Segment Start: Given records

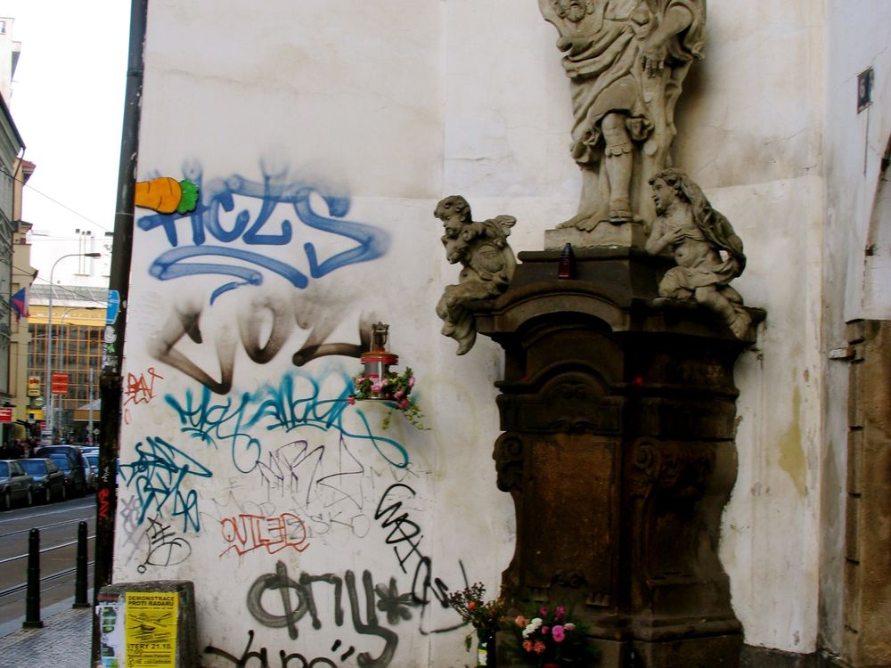 The clash of time - graffiti on a wall near an old statue of a Saint in Prague
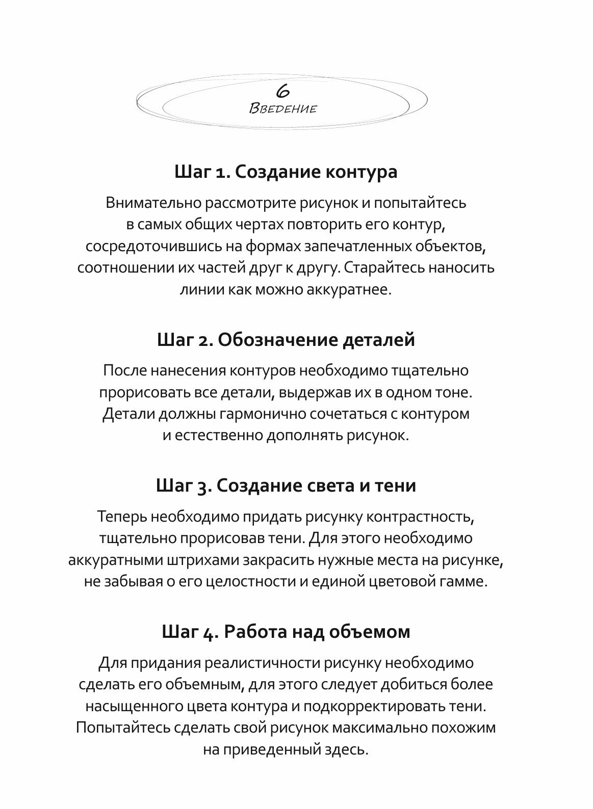 Хороший, обучающий рисунку, блокнот (книга) в твёрдом переплёте. В начале блокнота представлена краткая ознакомительная информация касательно материалов и основных формулировок. В нём продемонстрирована поэтапная техника исполнения рисунка. Удобный формат. Блокнот практичный в использование. Можно брать с собой.
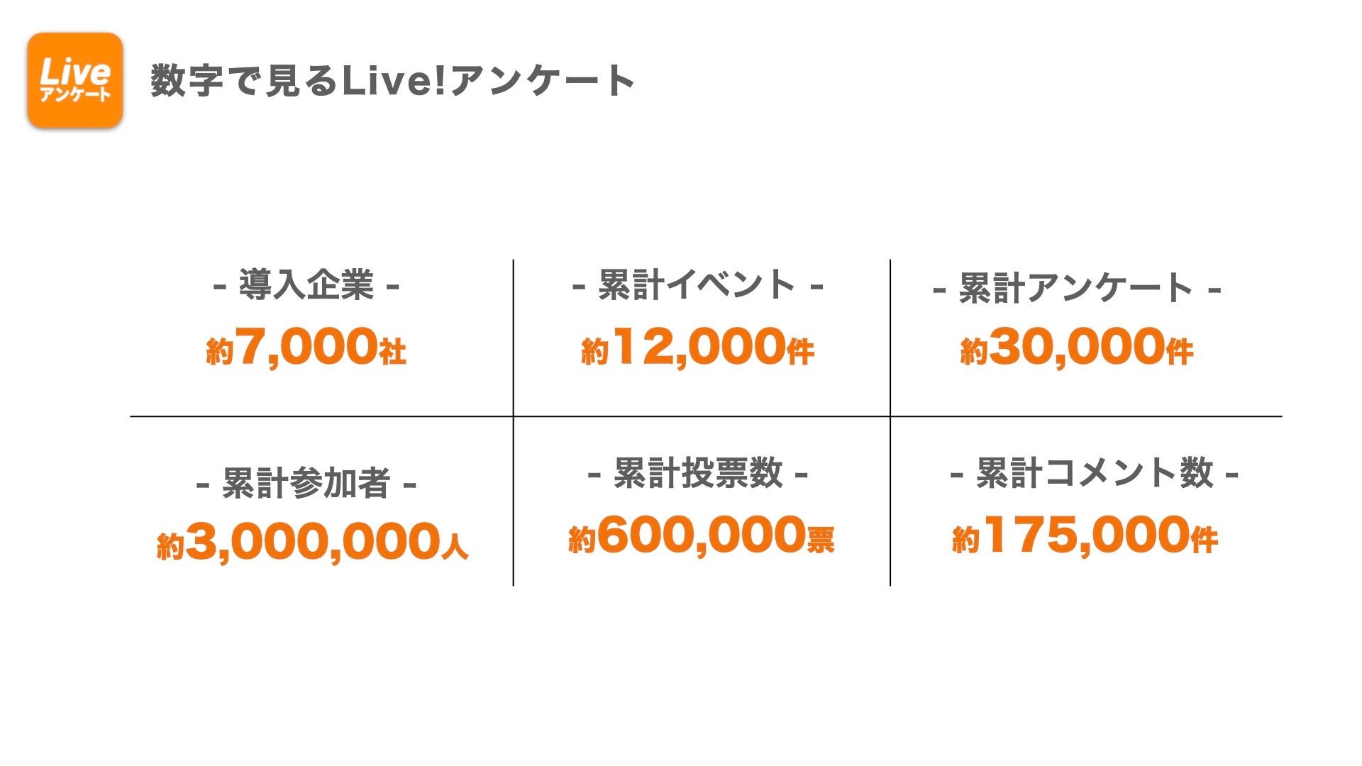 Live!アンケートがこの3年で導入企業数7,000社を超え、累計の参加者も300万人を超え、大変ありがたいと感じております。ひとえにご利用いただいているユーザーの皆様のおかげでございます。
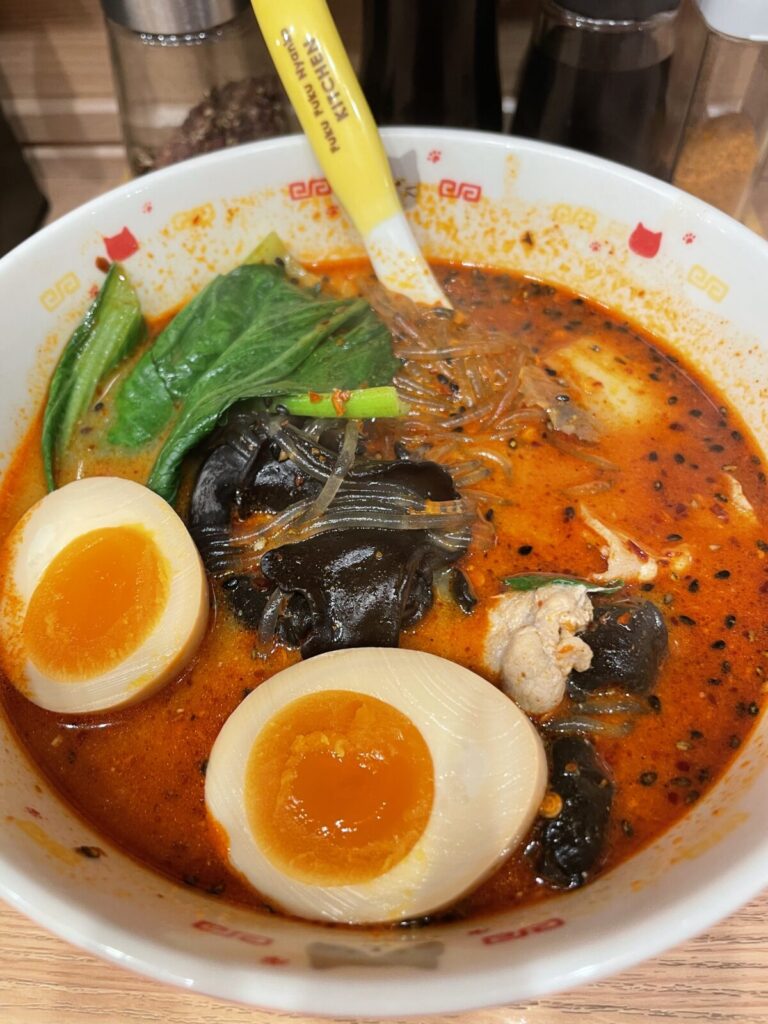 謎にご好評いただいている《やさ姉メンエス飯シリーズ》、今回は当店ご来店後にお召し上がりいただきたいお店を紹介差し上げます。今回はJR西日暮里駅徒歩1分の、【麻辣湯専門店 美香(メイシャン)】さん。入口にトングとざるが置かれていて入口すぐの冷蔵エリアに並んでいる食材を好きに選んでスタッフさんに渡し、辛さ(0~4)と麺の種類(太春雨、細春雨、中華麺、刀削麺)をそれぞれ選んで支払いを済ませると調理して運ばれてくるシンプルなシステムです。食材は5品までは基本料金(1,100円ぐらい)、その後1品増えるごとに150円ぐらい(正確な金額は失念💦)する形になります。私は辛いの好きなのでいつも3辛(激辛)&細春雨を選んでいます。具は味付玉子、ラム肉、小松菜、きくらげ迄は鉄板で豚肉かしめじを加えて5品にすることが多いです。海老、ホタテといった海鮮やお肉も牛・豚・鳥、野菜もかなりのバラエティなのでどなたでもご自身のお好みの一杯を作ることができます。
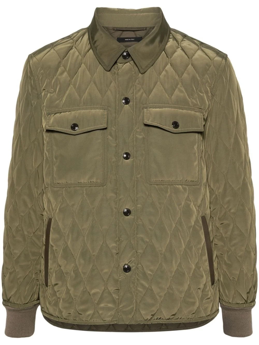 padded quilted jacket This khaki TOM FORD jacket strikes a fine balance between the functionality of a hunting silhouette and the refinement of lustrous satin. It’s diamond-quilted to evenly distribute the insulating padding and kitted with flap chest pockets that stay true to its functional roots. Highlights - Khaki - Satin finish - Padded design - Diamond quilting - Classic collar - Long sleeves - Ribbed cuffs - Two chest flap pockets - Two side inset pockets - Two internal slip pockets - High-low hem - Front press-stud fastening Made in Italy Composition Outer: Polyester 100% Lining: Polyamide 100% SIZE & FIT Model measurements Height 6 ft 1 in(1.86 m) Bust/Chest 36.61 in(93 cm) Hips 37 in(94 cm) Waist 28.74 in(73 cm) FittingInformation Designed for a regular fit, allowing for a comfortably loose fit throughout the body Made from a quilted non-stretch fabric, giving it no natural elasticity This piece fits true to size – take your usual size Washing instructions Dry Clean Only
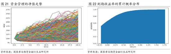 图21-图22展示了使用资金管理的收益特征(假设是组合初期资产为100元,20%资金买入平值看涨,并持有到期,剩余资金配置无风险资产):
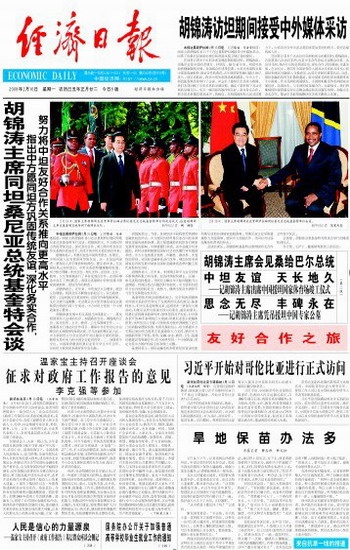 胡锦涛访坦期间接受中外媒体采访
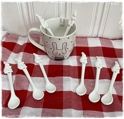 Superlief lepeltje met haasje aan de bovenzijde van porcelein.
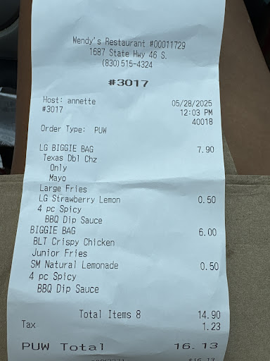 Read moreWent here twice two days apart just because it's down the road from my house. The food was good. I ordered 2 Dave's triple meat burger and fries for myself and boyfriend. Really good food. My son orders the baconator triple meat meal. He loves it. But our cashier was the same kid each time. He was rude and loud. You could tell that he really didn't care to be there. He demeanor towards his fellow employees was ugly. Telling her "that is for my drive thru only. I'm not going to be standing here stocking it up all day". His shift manager was standing right there and seem like she didn't care. She never once told him that his behavior was inappropriate. As another staff member was helping me. He kept interrupting her and trying to correct her as she was speaking to me. I was a Manager for years and I wanted to correct his behavior. Honestly I would of fired him along time ago. Not my place or restaurant but it seems like they allow this type of behavior or the shift managers allows him to run over them. It ruined my...

Segment End: Given records

### Problem to work on
Repeat the listing above word for word and leave its images out.

### Final answer
 The clash of time - graffiti on a wall near an old statue of a Saint in Prague
 Хороший, обучающий рисунку, блокнот (книга) в твёрдом переплёте. В начале блокнота представлена краткая ознакомительная информация касательно материалов и основных формулировок. В нём продемонстрирована поэтапная техника исполнения рисунка. Удобный формат. Блокнот практичный в использование. Можно брать с собой.
 Live!アンケートがこの3年で導入企業数7,000社を超え、累計の参加者も300万人を超え、大変ありがたいと感じております。ひとえにご利用いただいているユーザーの皆様のおかげでございます。
 謎にご好評いただいている《やさ姉メンエス飯シリーズ》、今回は当店ご来店後にお召し上がりいただきたいお店を紹介差し上げます。今回はJR西日暮里駅徒歩1分の、【麻辣湯専門店 美香(メイシャン)】さん。入口にトングとざるが置かれていて入口すぐの冷蔵エリアに並んでいる食材を好きに選んでスタッフさんに渡し、辛さ(0~4)と麺の種類(太春雨、細春雨、中華麺、刀削麺)をそれぞれ選んで支払いを済ませると調理して運ばれてくるシンプルなシステムです。食材は5品までは基本料金(1,100円ぐらい)、その後1品増えるごとに150円ぐらい(正確な金額は失念💦)する形になります。私は辛いの好きなのでいつも3辛(激辛)&細春雨を選んでいます。具は味付玉子、ラム肉、小松菜、きくらげ迄は鉄板で豚肉かしめじを加えて5品にすることが多いです。海老、ホタテといった海鮮やお肉も牛・豚・鳥、野菜もかなりのバラエティなのでどなたでもご自身のお好みの一杯を作ることができます。
 padded quilted jacket This khaki TOM FORD jacket strikes a fine balance between the functionality of a hunting silhouette and the refinement of lustrous satin. It’s diamond-quilted to evenly distribute the insulating padding and kitted with flap chest pockets that stay true to its functional roots. Highlights - Khaki - Satin finish - Padded design - Diamond quilting - Classic collar - Long sleeves - Ribbed cuffs - Two chest flap pockets - Two side inset pockets - Two internal slip pockets - High-low hem - Front press-stud fastening Made in Italy Composition Outer: Polyester 100% Lining: Polyamide 100% SIZE & FIT Model measurements Height 6 ft 1 in(1.86 m) Bust/Chest 36.61 in(93 cm) Hips 37 in(94 cm) Waist 28.74 in(73 cm) FittingInformation Designed for a regular fit, allowing for a comfortably loose fit throughout the body Made from a quilted non-stretch fabric, giving it no natural elasticity This piece fits true to size – take your usual size Washing instructions Dry Clean Only
 图21-图22展示了使用资金管理的收益特征(假设是组合初期资产为100元,20%资金买入平值看涨,并持有到期,剩余资金配置无风险资产):
 胡锦涛访坦期间接受中外媒体采访
 Superlief lepeltje met haasje aan de bovenzijde van porcelein.
 Read moreWent here twice two days apart just because it's down the road from my house. The food was good. I ordered 2 Dave's triple meat burger and fries for myself and boyfriend. Really good food. My son orders the baconator triple meat meal. He loves it. But our cashier was the same kid each time. He was rude and loud. You could tell that he really didn't care to be there. He demeanor towards his fellow employees was ugly. Telling her "that is for my drive thru only. I'm not going to be standing here stocking it up all day". His shift manager was standing right there and seem like she didn't care. She never once told him that his behavior was inappropriate. As another staff member was helping me. He kept interrupting her and trying to correct her as she was speaking to me. I was a Manager for years and I wanted to correct his behavior. Honestly I would of fired him along time ago. Not my place or restaurant but it seems like they allow this type of behavior or the shift managers allows him to run over them. It ruined my...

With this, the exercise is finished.